Il est proposé de ne faire courir le délai de prescription des agressions sexuelles qu'à partir du moment où la victime est en mesure de révéler l'infraction dont elle a été victime. Ce dispositif s'inspire du régime jurisprudentiel applicable aux infractions occultes ou dissimulées, pour lesquelles le délai de prescription commence à courir « au jour où l'infraction est apparue et a pu être constatée dans des conditions permettant l'exercice de l'action publique ». Il fait écho à un arrêt de la chambre criminelle de la Cour de cassation du 18 décembre 2013, par lequel cette dernière a refusé d'appliquer ladite jurisprudence à des faits de viol commis dans l'enfance sur une personne qui, victime d'une amnésie traumatique consécutive, n'avait pris conscience de ces faits que trente-quatre ans plus tard.

Ce texte s'adresse prioritairement aux victimes ayant subi de telles violences lorsqu'elles étaient enfants, car le choc émotionnel subi, surtout lorsque les faits sont commis dans la durée par un parent ou par une personne ayant autorité sur l'enfant, un éducateur, par exemple, est de nature à provoquer un traumatisme profond pouvant aller jusqu'à l'amnésie : ce constat clinique, encore trop méconnu, est aujourd'hui bien documenté par les médecins.
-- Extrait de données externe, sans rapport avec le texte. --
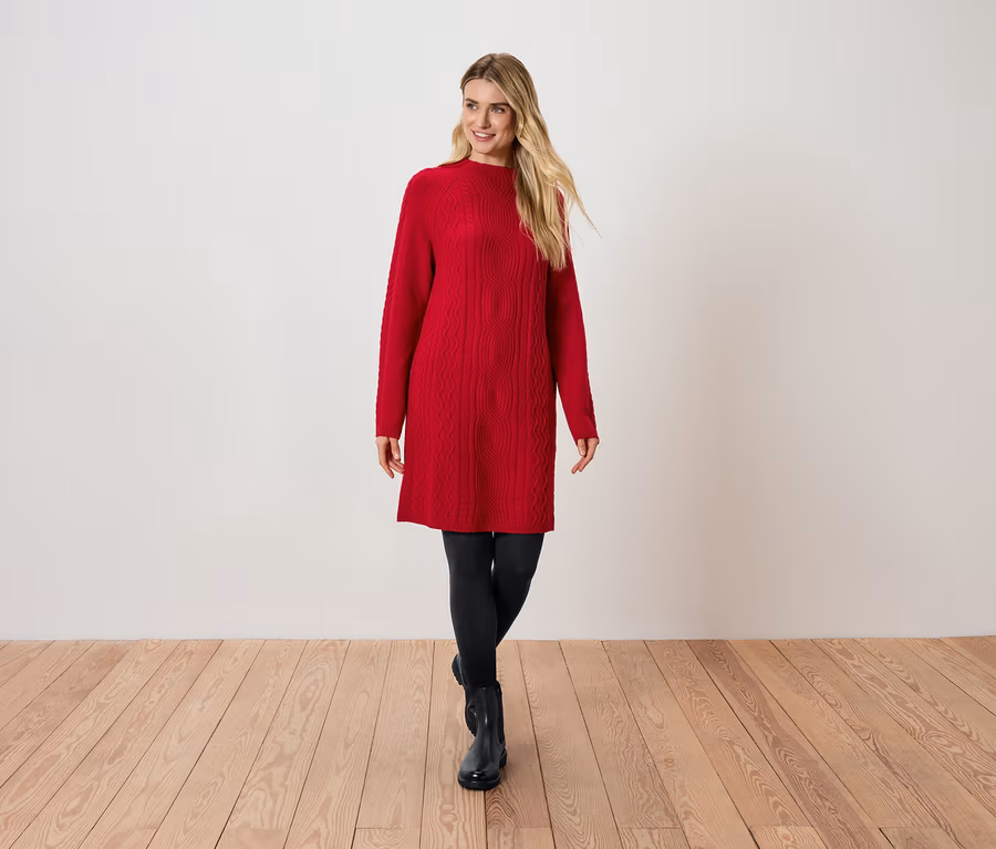 Robe en maille avec motif torsadé, rouge
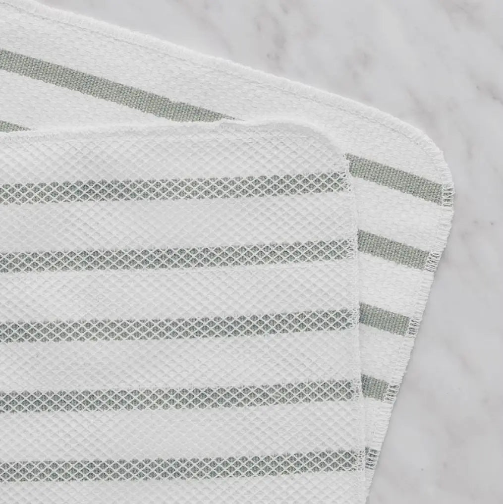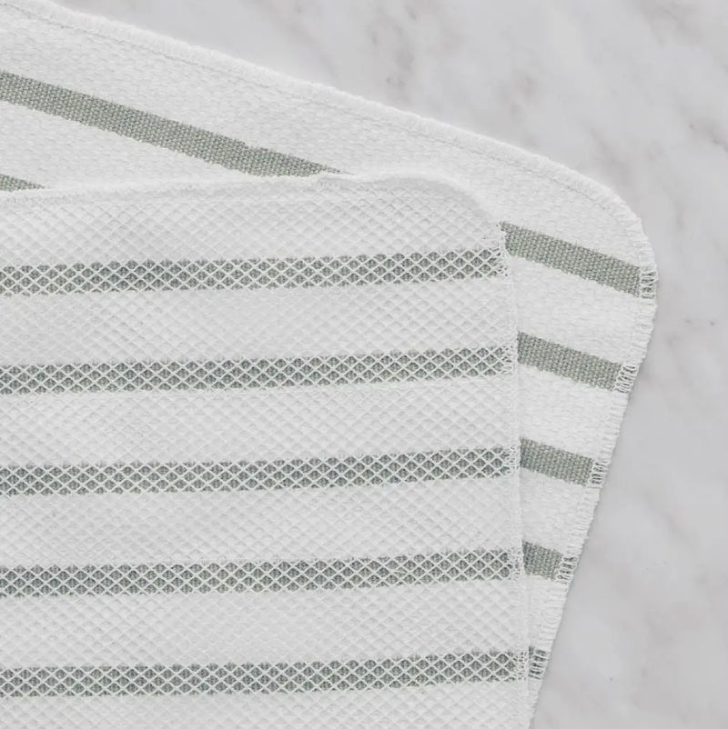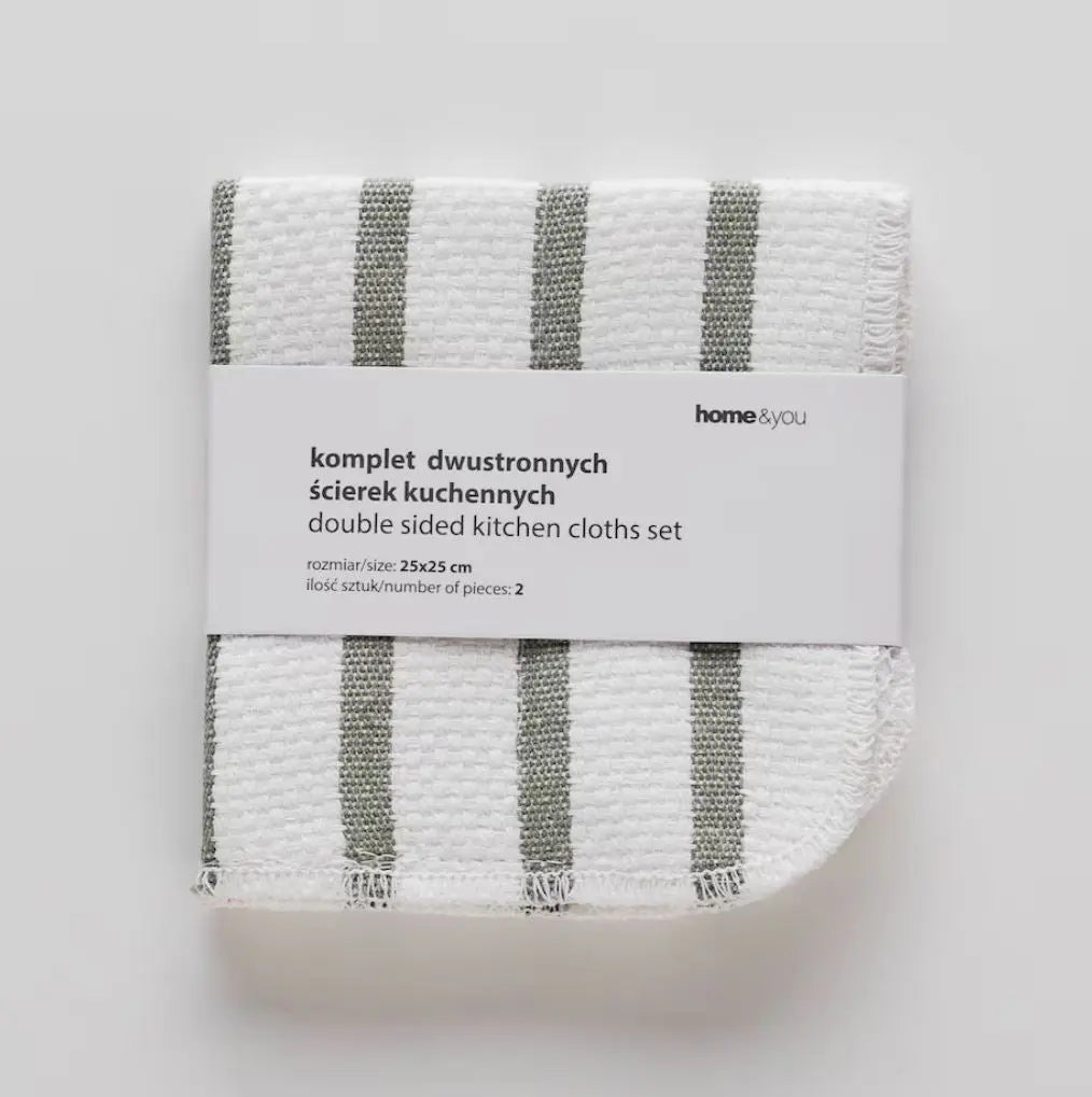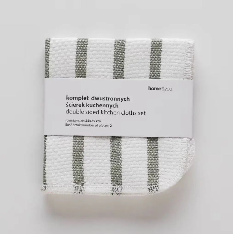 Set aus zwei quadratischen Küchentüchern in elegantem Weiß mit grünen Streifen. Sie sind nicht nur praktische Werkzeuge für die tägliche Küchenarbeit, sondern auch ein stilvolles Accessoire, das Ihrer Küche Charakter und Eleganz verleiht. Diese vielseitigen Handtücher bestehen auf der einen Seite aus hochwertiger Baumwolle und auf der anderen Seite aus Polyester und vereinen die besten Eigenschaften beider Materialien. Baumwolle ist weich und saugfähig, sodass Feuchtigkeit und Schmutz leicht entfernt werden, während Polyester für Strapazierfähigkeit und Pillingbeständigkeit sorgt. Die schwarzen Streifen verleihen ihnen ein elegantes und modernes Aussehen, das perfekt zu vielen Küchenstilen passt. Die praktische Quadratform ermöglicht eine bequeme Handhabung und präzises Wischen von Oberflächen und die solide Verarbeitung garantiert eine lange Haltbarkeit.

Les délais de prescription en vigueur, bien que déjà dérogatoires au droit commun, peuvent encore apparaître inadaptés au cas de certaines victimes, ainsi que j'ai pu le constater au cours de mes auditions.
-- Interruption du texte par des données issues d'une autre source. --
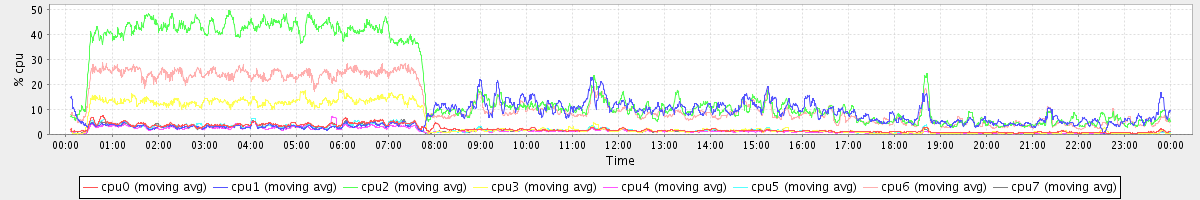 avg(cpu0) = 2.30 avg(cpu1) = 0.38 avg(cpu2) = 0.42 avg(cpu3) = 0.31 avg(cpu4) = 0.21 avg(cpu5) = 0.28 avg(cpu6) = 0.33 avg(cpu7) = 0.28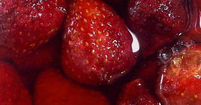 - Neem een diepe kom en giet de bessen erin. Vul ze met suikersiroop. Dek goed af met huishoudfolie en laat 3-4 uur staan. Gedurende deze tijd hebben de aardbeien de tijd om het sap op te starten.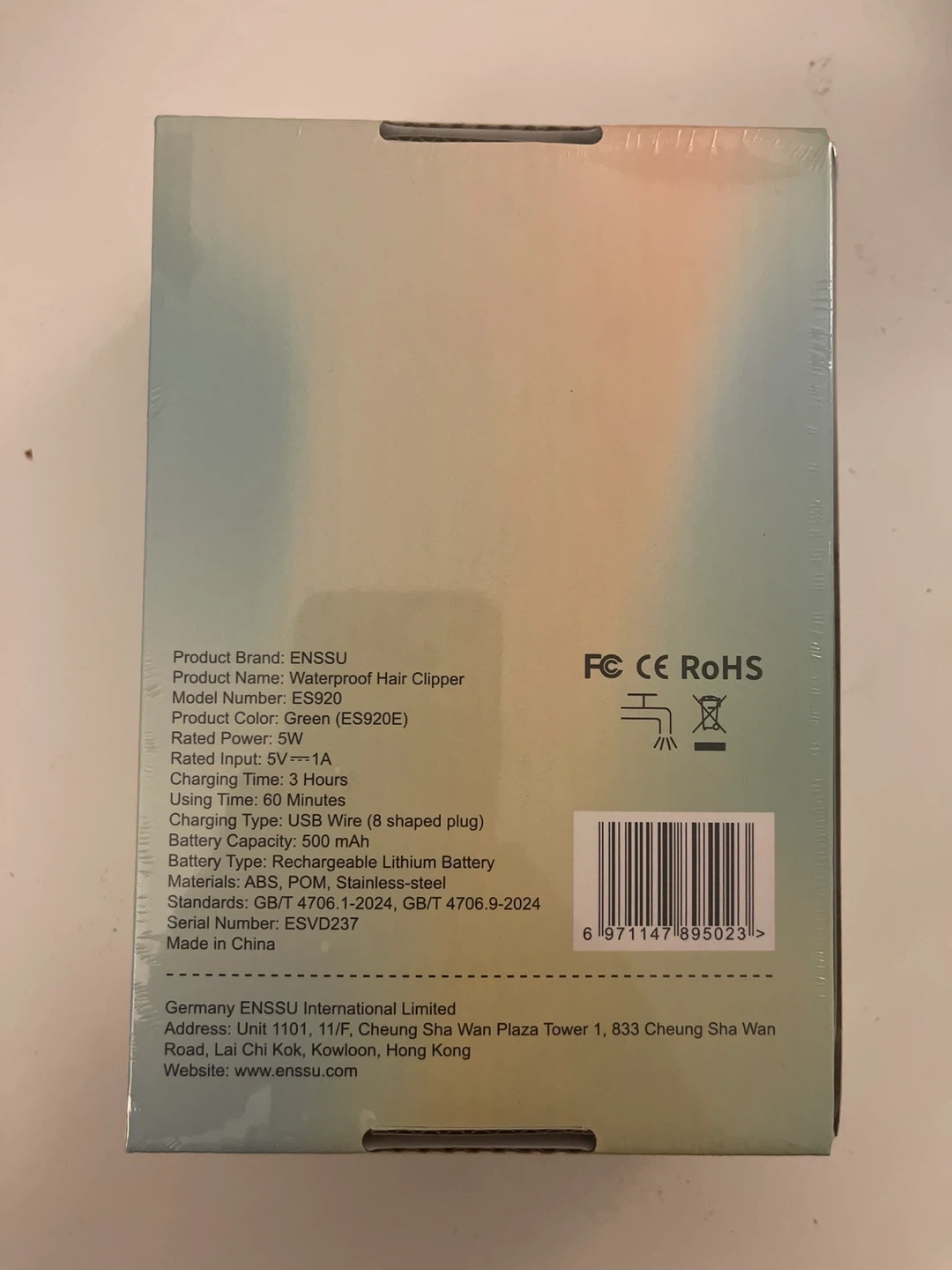 This ENSSU waterproof hair clipper is designed for babies 0+ months. It features USB portable charging and comes with limiting combs. The clipper is smooth, safe, and low noise for a comfortable experience. It's rechargeable and made with ABS, POM, and stainless-steel materials.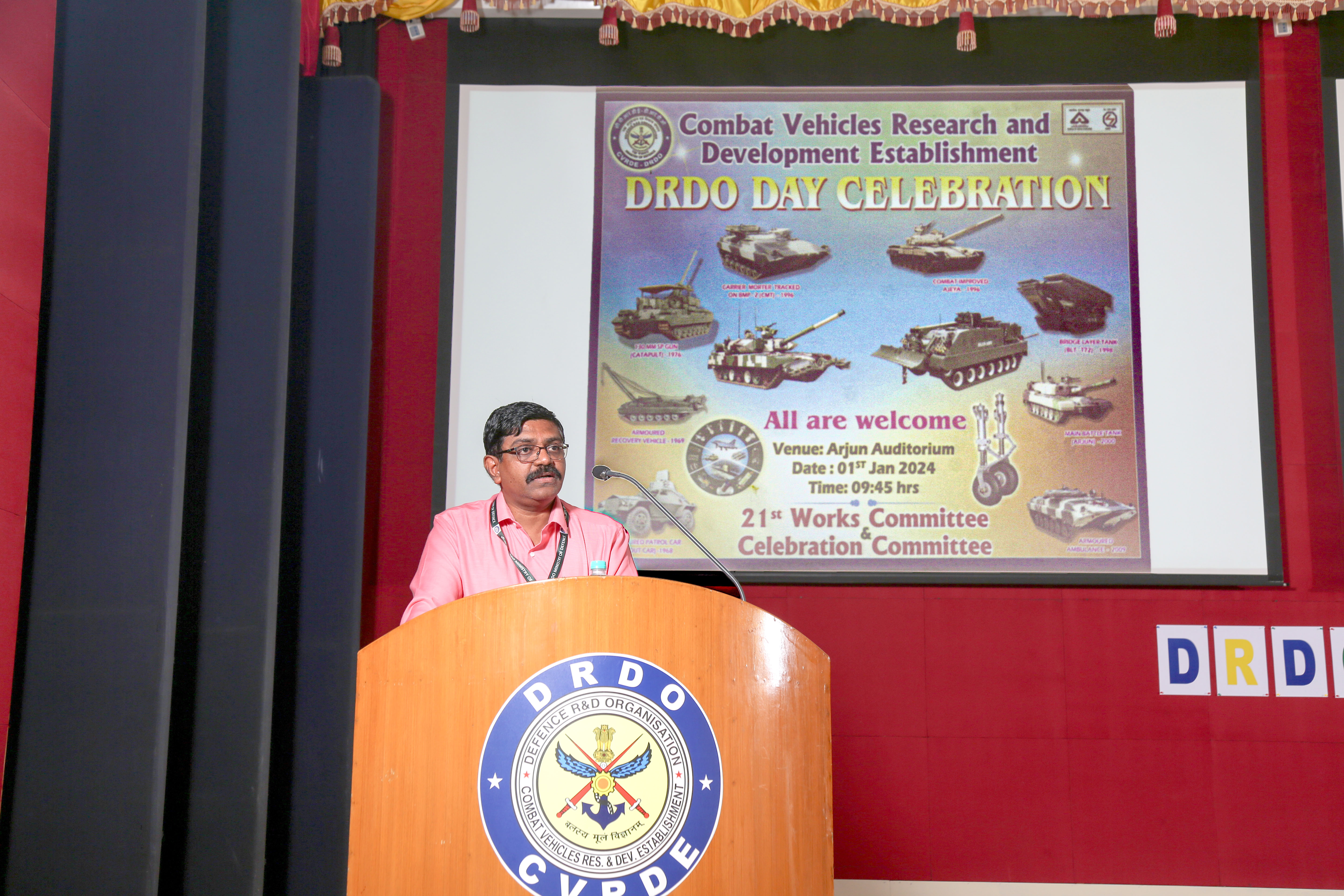 Shri L Balaji, Scientist E & Chairman, Celebration Committee delivered the welcome address and Shri AP Jothikumar, TA B, CVRDE Works Committee Medical Secy. delivered the vote of thanks in the function.

Si on le compare à celui d'autres pays européens, le dispositif français de répression des viols sur les mineurs est très complet. Cependant, beaucoup de violences demeurent invisibles : on recense 7 000 à 8 000 condamnations par an, alors que les faits constatés par la police et la gendarmerie sont au nombre de 22 000 à 23 000 chaque année, et que le taux de victimation établi par l'Insee fait apparaître des chiffres dix fois supérieurs encore - bien que ne soient sollicitées, dans ses enquêtes, ni les personnes vulnérables ni les mineurs. Les condamnations ne représentent donc que la partie émergée d'un iceberg de quelque 200 000 faits par an. On sait que l'inceste, en particulier, touche de nombreux enfants. L'un des objectifs de cette proposition de loi est de mettre sur ces faits un coup de projecteur, pour qu'une meilleure réponse soit apportée.
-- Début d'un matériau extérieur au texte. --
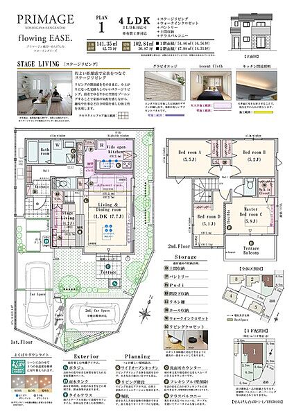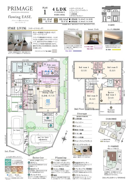- 4LDK(3LDK対応可※有償工事)+ステージリビング+ウォークインクロゼット+パントリー+階段下土間収納+リネン庫+テラスバルコニー ~ 5LDK(4LDK対応可※有償工事)+ウォークインクロゼット+パントリー+土間収納+テラスバルコニー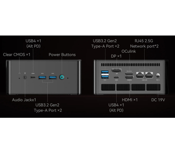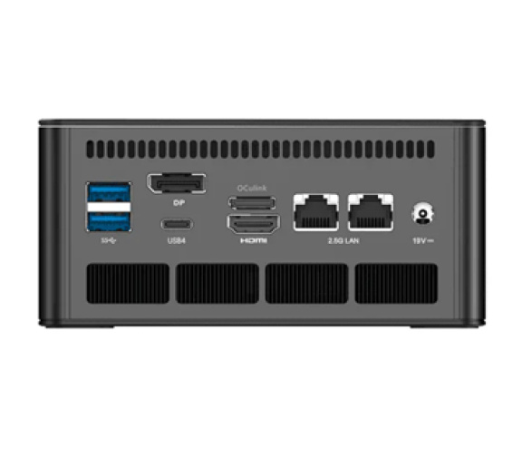 Поддержка оперативной памяти и накопителей осталась прежней: два слота DDR5-5600 (до 96 ГБ) и два слота M.2 2280 для NVMe SSD с интерфейсом PCIe 4.0. Набор портов также практически идентичен модели UM780 XTX и включает 4x USB-A 3.2 Gen 2, 2x USB4, выходы DP и HDMI, аудиоразъемы и два порта 2.5 GbE, а также, в отличие от UM790 Pro, порт OCulink.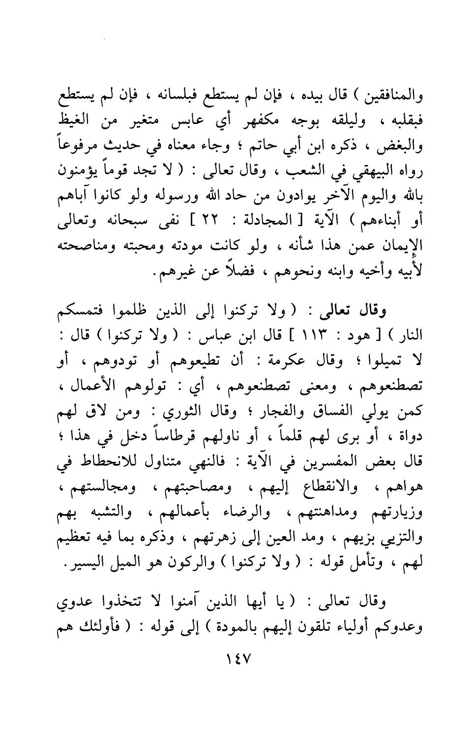 وَالْمُنَافِقِينَ} [سورة التوبة آية: 73] . قال: "بيده، فإن لم يستطع فبلسانه، فإن لم يستطع فبقلبه؛ وليلقه بوجه مكفهر"، أي: عابس متغير من الغيظ والبغض، ذكره ابن أبي حاتم، وجاء معناه في حديث مرفوعاً رواه البيهقي في الشعب. وقال تعالى: {لا تَجِدُ قَوْماً يُؤْمِنُونَ بِاللَّهِ وَالْيَوْمِ الْآخِرِ يُوَادُّونَ مَنْ حَادَّ اللَّهَ وَرَسُولَهُ وَلَوْ كَانُوا آبَاءَهُمْ أَوْ أَبْنَاءَهُمْ} الآية [سورة المجادلة آية: 22] ، نفى سبحانه وتعالى الإيمان عمن هذا شأنه، ولو كانت مودته ومحبته ومناصحته لأبيه وأخيه وابنه ونحوهم، فضلاً عن غيرهم.

Les délais de prescription de droit commun sont de un an pour les contraventions, de trois ans pour les délits et de dix ans pour les crimes. Ils peuvent être plus courts - trois mois en matière de presse, six mois en matière électorale - ou plus longs - ils sont de vingt à trente ans en matière de crimes et délits de guerre, de terrorisme, de trafic de stupéfiants, d'eugénisme - tandis que les crimes contre l'humanité sont imprescriptibles.

Dans le cas des violences sexuelles sur mineurs, le régime est également dérogatoire, et le délai ne court qu'à compter de la majorité de la victime. Depuis la fin des années 1980, six modifications législatives sont intervenues pour améliorer le dispositif et mieux tenir compte de la réalité ; depuis 2004, la prescription est de vingt ans à compter de la majorité de la victime, soit l'année de ses 38 ans.

Restent, cependant, de nombreuses victimes qui ne se rendent compte de la violence des faits qu'elles ont subis, voire qui ne prennent conscience d'avoir subi des violences, qu'une fois passé le délai de prescription. Lorsque, à 40 ans, elles veulent engager une démarche de reconstruction et porter plainte, elles s'aperçoivent qu'elles ne le peuvent plus, et s'estiment lésées. Or, si ce délai de vingt ans avait été retenu en 2004, c'était bien pour permettre à des personnes arrivées à l'âge adulte, et qui pouvaient avoir fondé une famille, de porter plainte. On sait que de tels crimes ont des effets dans la durée et provoquent de profonds traumatismes qui perdurent vingt ou trente ans après les faits. Je l'ai vérifié lors de mes auditions.

Je partage donc le constat des auteures de cette proposition de loi, qui estiment que le dispositif actuel n'est pas entièrement satisfaisant. Mais j'estime que celui qu'elles proposent soulève nombre de difficultés juridiques. La proposition de loi prévoit ainsi que le délai de prescription ne court « qu'à partir du jour où l'infraction apparaît à la victime dans des conditions lui permettant d'exercer l'action publique ».